What is expected -> When you reach the line that holds "公司設(shè)有質(zhì", start copying exactly and keep going through the final line of the data, leaving out pictures.

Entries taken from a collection
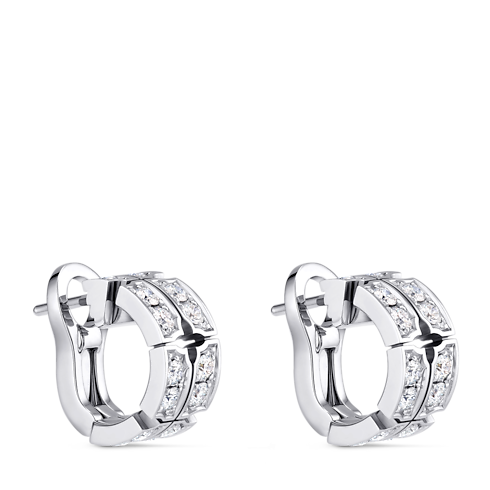 這款Tumbler耳環取材自品牌硬箱製作傳統,展現雋永的高級珠寶美學,向經典路易威登標誌致敬。造工精湛的白K金環狀耳環綴有完全對稱的鏤空Monogram花卉圖案,並綴以閃爍鑽石。這款珍貴耳環可完美捕捉和反射光線,散發璀璨的優雅氣質。
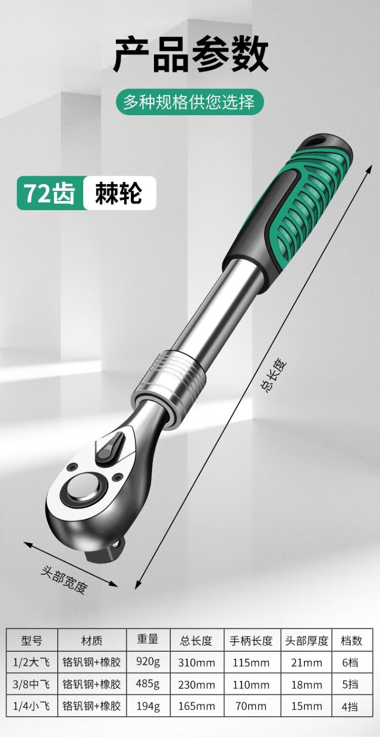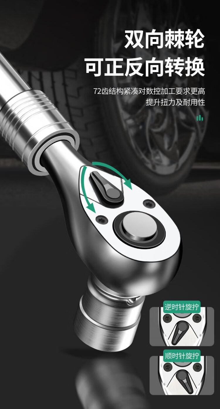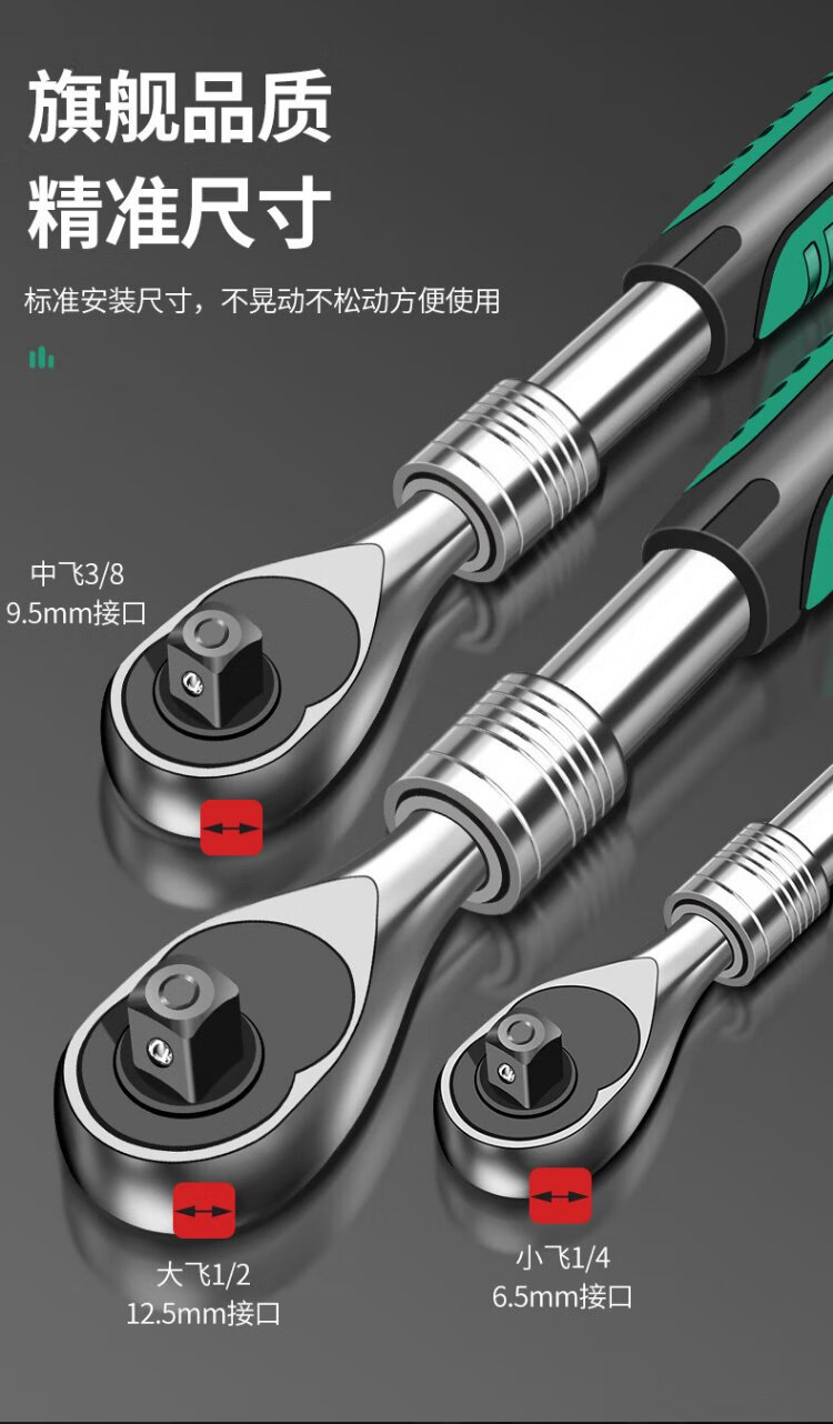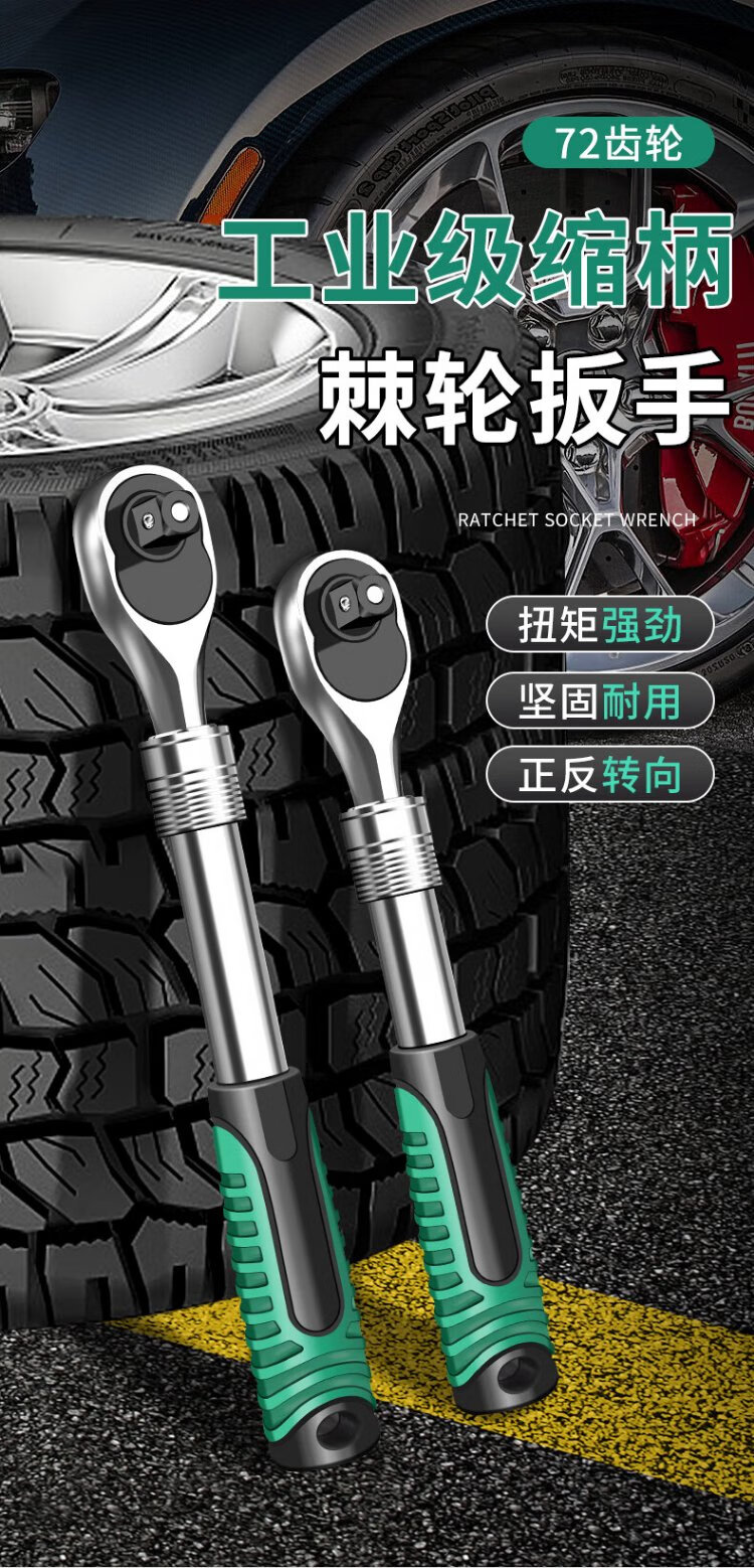 Baolian Dafei Zhongfei Xiaofei ratchet telescopic wrench auto repair tool two-way sleeve fast 72 gear pearl nickel
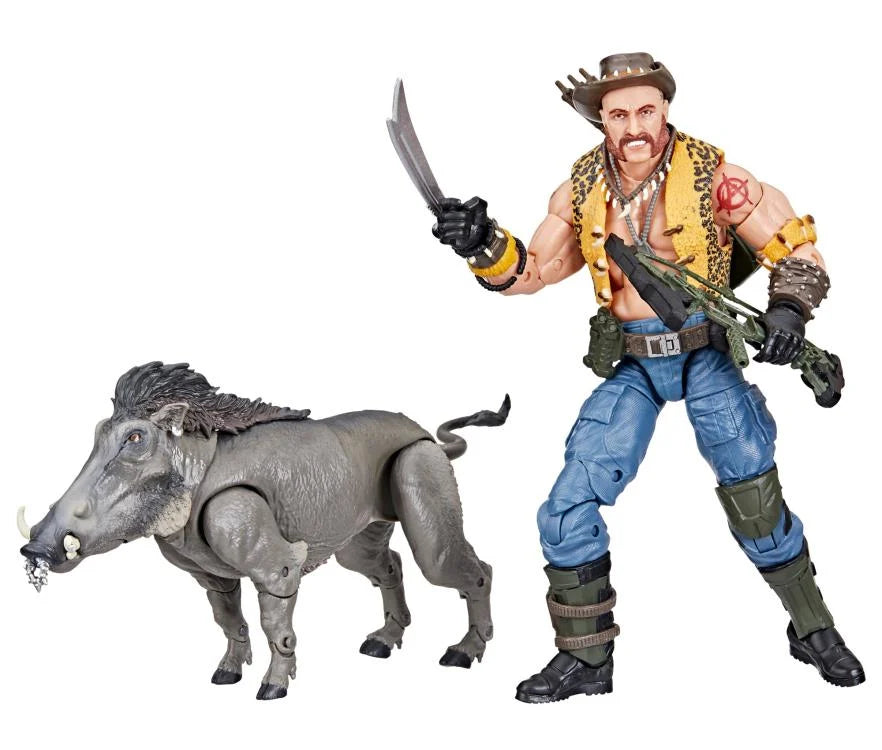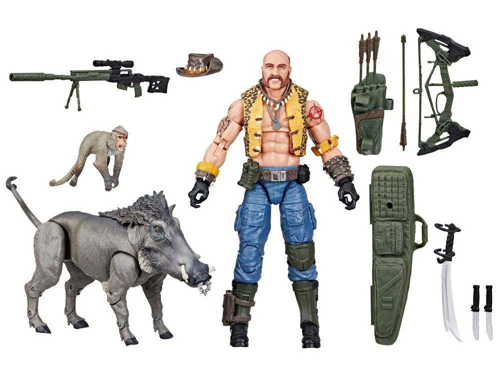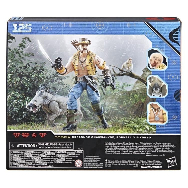 G.I. Joe is a highly skilled special operations force of men and women from around the globe tasked with defending the world from Cobra, a ruthless criminal organization bent on total domination. Wherever there’s trouble, G.I. Joe is there. New to the G.I. Joe Classified Series line, Dreadnok Gnawgahyde and pets Porkbelly & Yobbo come ready for adventure, with multiple points of articulation for high poseability. This Gnawgahyde figure contains 16 accessory pieces including bow, quiver, arrow, 2 knives, machete with wrist attachment, slouch hat, sniper case, and weapon accessory; plus pet warthog Porkbelly and macaque Yobbo. Gnawgahyde could have single-handedly decimated the herds of all the endangered species of Africa, if his fellow poachers hadn’t railroaded him off the continent for cheating at cards, being generally obnoxious, and smelling bad. With the help of flatulent warthog Porkbelly and surly macaque Yobbo, he kept solvent by stealing furs until the Dreadnoks recruited him.
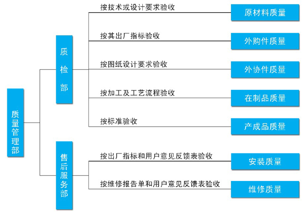公司設(shè)有質(zhì)量管理部,分為質(zhì)檢部和售后服務(wù)部。具體分工及檢驗(yàn)標(biāo)準(zhǔn)見(jiàn)下圖:
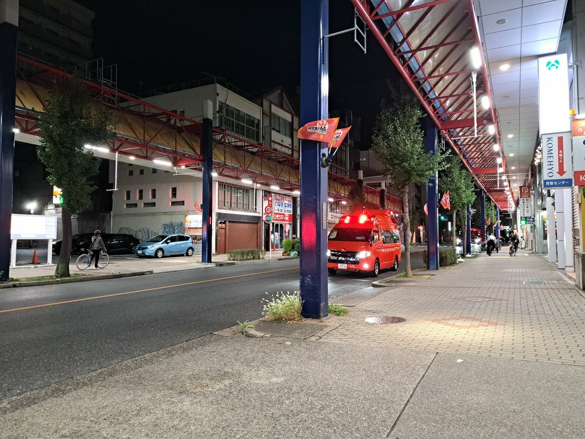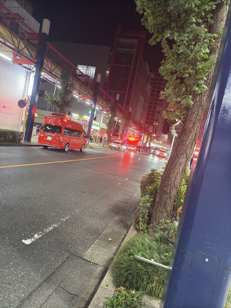 大須のアーケードのところのファミマにパト4台と消防車来てるんだけど何事
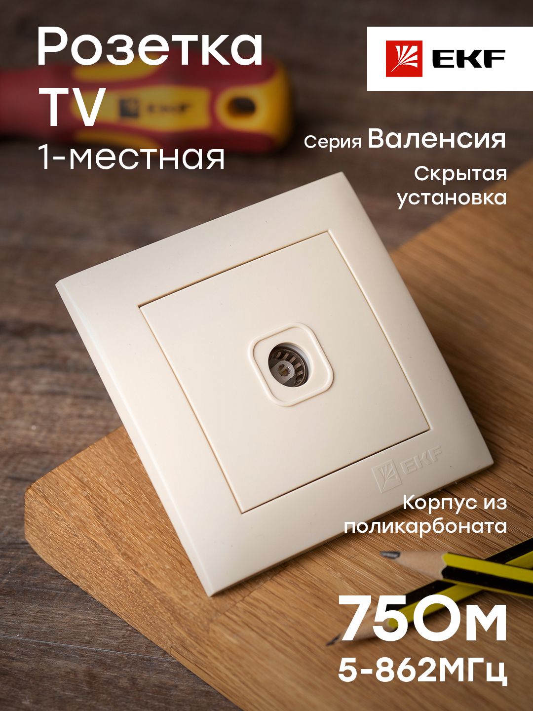 Доставка Валенсия розетка телевизионная 1-местная 75Ом 5-862МГц кремовая EKF PROxima
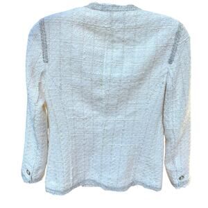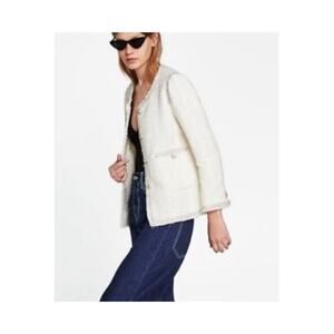 Zara Blazer Tweed Frayed Pearl Button Jacket Cream Silver Metallic Womens Sz XS
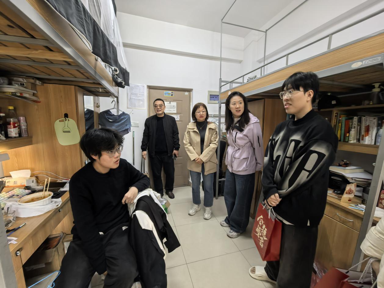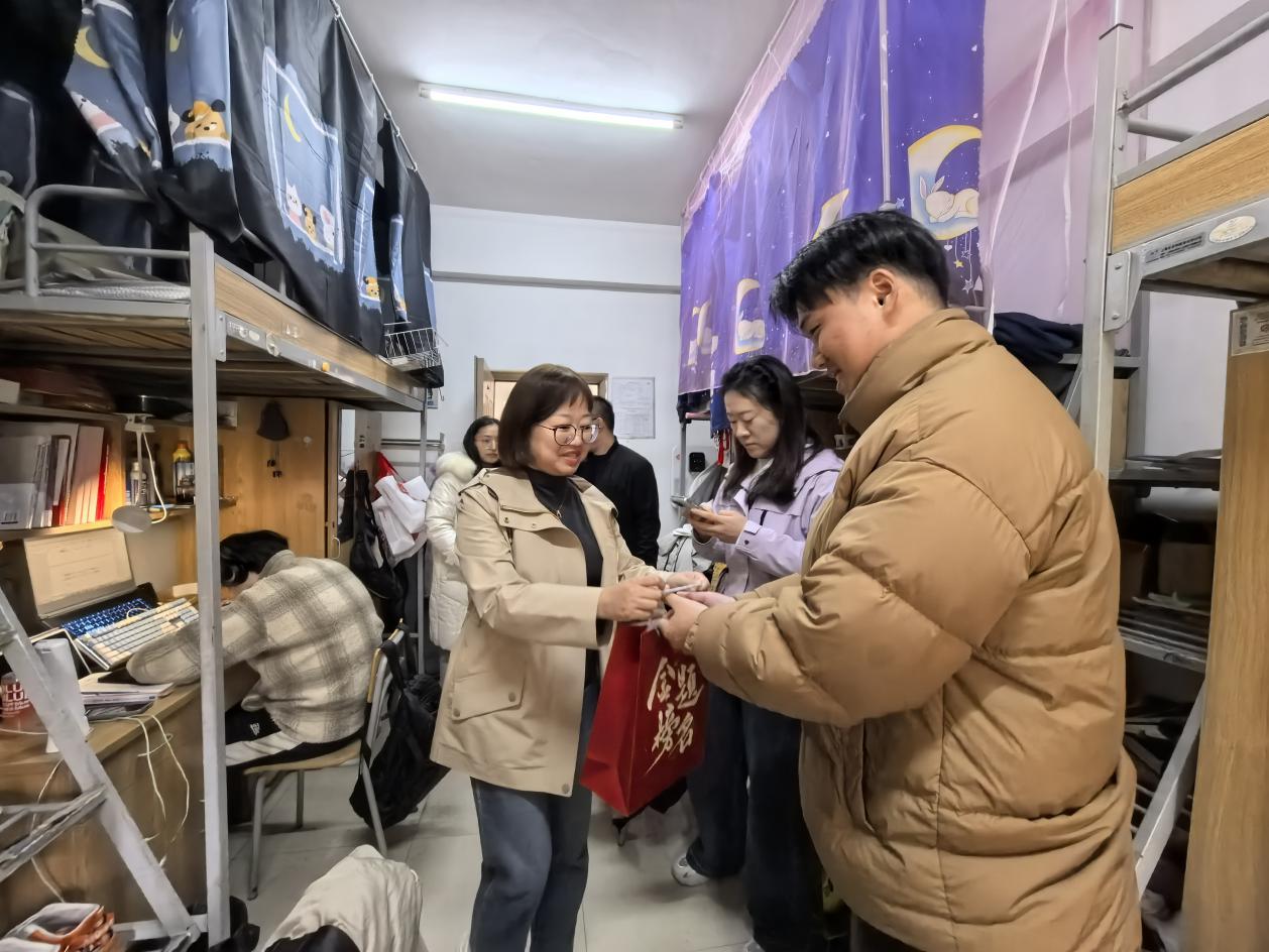 2025年全国硕士研究生考试在即,为给备考学子舒缓压力、鼓舞士气,2025年11月24日,外语与国际教育学院党委书记王晨岑、副书记徐伟带领毕业班辅导员深入学生寝室,亲切看望慰问正在备考的学子,并为他们送上学院的温暖关怀与“考研加油包”。

Solution ->
公司設(shè)有質(zhì)量管理部,分為質(zhì)檢部和售后服務(wù)部。具體分工及檢驗(yàn)標(biāo)準(zhǔn)見(jiàn)下圖:
 大須のアーケードのところのファミマにパト4台と消防車来てるんだけど何事
 Доставка Валенсия розетка телевизионная 1-местная 75Ом 5-862МГц кремовая EKF PROxima
 Zara Blazer Tweed Frayed Pearl Button Jacket Cream Silver Metallic Womens Sz XS
 2025年全国硕士研究生考试在即,为给备考学子舒缓压力、鼓舞士气,2025年11月24日,外语与国际教育学院党委书记王晨岑、副书记徐伟带领毕业班辅导员深入学生寝室,亲切看望慰问正在备考的学子,并为他们送上学院的温暖关怀与“考研加油包”。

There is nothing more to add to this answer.